Conflict of Interest Statement
Dr. Eisinger asked Council members to review and sign the Conflict of Interest statement provided to them.  He reminded the Council members of the importance of this process.

Aging and HIV  
Dr. Paolo Miotti, OAR Coordinator for Natural History and Epidemiology, presented a brief update on NIH activities related to aging and HIV/AIDS, a topic that the OARAC addressed at its previous meeting.  He reported the OAR has established a working group of non-government experts to provide advice and guidance on this research area.  The working group, that includes two OARAC members, Drs. Clifford and Deeks, will report on the state of the science and research in aging and HIV/AIDS in an upcoming issue of the Journal of AIDS.  The Working Group alsowill sponsor a satellite session at the International AIDS Society (IAS) conference in Washington, D.C., in July 2012.  Dr. Miotti noted that OAR is preparing several funding announcements on aging and HIV that will be issued in FY 2013.  He also stated OAR has established a Trans-NIH Coordinating Committee on HIV and Aging to foster collaborations and information sharing at the NIH. 

Research Toward a Cure  
Ms. Wertheimer reported that Dr. Whitescarver is the co-chair of the international advisory board of the IAS research toward a cure initiative.  She noted that Dr. Deeks and several NIH intramural and extramural scientists serve on the scientific working group that is developing the IAS global scientific strategy for research toward a cure.  This strategy will be released prior to the upcoming IAS conference.  There will be a symposium on this topic at the conference.  Ms. Wertheimer also commented that the FY 2013 Trans-NIH Plan for HIV-Related Research includes a new section that is devoted to research toward a cure.

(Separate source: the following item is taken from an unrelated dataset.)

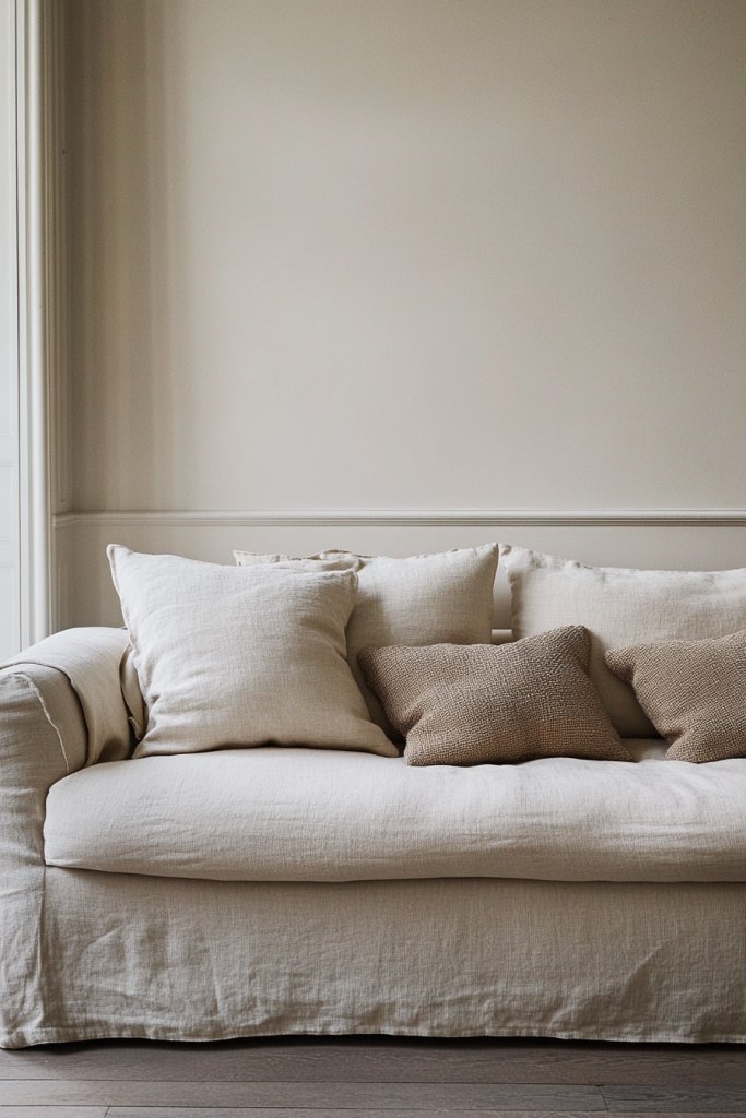 Visualize a soft, neutral linen fabric draped over a plush, deep-seated sofa frame. The slipcover fits loosely, creating inviting folds that scream comfort. The muted tones—beige, taupe, or soft gray—complement a variety of decor styles, from coastal to farmhouse. You notice how the fabric’s texture catches the light, giving the room a relaxed, effortless vibe. It’s a space that feels welcoming and lived-in.

International AIDS Conference 

Ms.Wertheimer stated NIH is the local scientific partner of the upcoming IAS conference.  She noted that Dr. Whitescarver serves on the overall Conference Coordinating Committee, and OAR is coordinating NIH’s activities in conjunction with the conference.  She noted that the conference is an opportunity to highlight the science of HIV/AIDS and NIH’s role in AIDS research.  Approximately 25,000 participants and 2,000 members of the press are expected to attend.  NIH will have an exhibit and a media booth at the conference.  She commented that NIH is sponsoring a number of special sessions at the conference including:  a satellite symposium on new frontiers in NIH AIDS research; a satellite session on aging and HIV; an OAR-sponsored workshop on ethical considerations on HIV genetics research in international settings; and a grantsmanship workshop.

UPDATE ON OARAC WORKING GROUPS FOR TREATMENT AND PREVENTION GUIDELINES

Dr. Alice K. Pau, Division of Intramural Research, National Institute of Allergy and Infectious Diseases (NIAID), and Executive Secretary, OARAC Antiretroviral Treatment Guidelines for Adults and Adolescents Working Group, provided an overview of the recent updates of the five treatment and prevention guidelines.  The Guidelines are posted on AIDSinfo.nih.gov.  She noted that all five working groups issued a recommendation in December 2011 that HIV-infected patients receiving antiretroviral therapy (ART) should not receive the 3-month, weekly isoniazid-rifapentine (INH-RPT) regimen for treatment of latent tuberculosis (TB) infection, unless it is given in the context of a clinical trial. 

Dr. Pau reported that the Guidelines for the Use of Antiretroviral Agents in HIV-1-Infected Adults and Adolescents were revised in March 2012.  The key revisions include two new sections:  HIV and the older patient, and an antiretroviral (ARV) drug cost table.  Other key revisions pertain to when to start ART; HIV disease and women; and co-infection with 
Hepatitis C (HCV) or TB.  Additional revisions include updates to the drug interaction and characteristics tables and to sections on prevention of secondary HIV transmission, adherence, and adverse effects.

Dr. Pau noted that a revision of the Guidelines for the Use of Antiretroviral Agents in Pediatric HIV Infection is in process and will be issued in summer 2012.  Thereafter, as with the other guidelines, periodic “live” updates will be issued as individual sections are revised.  The revisions completed so far relate to HIV exposure and diagnosis; when to start treatment; adherence in adolescents; monitoring; resistance; and toxicity.  Those sections currently in the revision process pertain to what treatment to start with, management of treatment failure, and the drug and toxicity tables.

Dr. Pau reported that a revision of the Recommendations for Use of Antiretroviral Drugs in Pregnant HIV-1-Infected Women for Maternal Health and Interventions to Reduce Perinatal HIV Transmission in the United States is in process and will be issued in summer 2012.  The revisions will address:  ARVs during pregnancy; preconception care; reproductive options for HIV sero-discordant couples; antepartum care management; and coinfections with hepatitis B virus (HBV), HCV, or HIV-2. 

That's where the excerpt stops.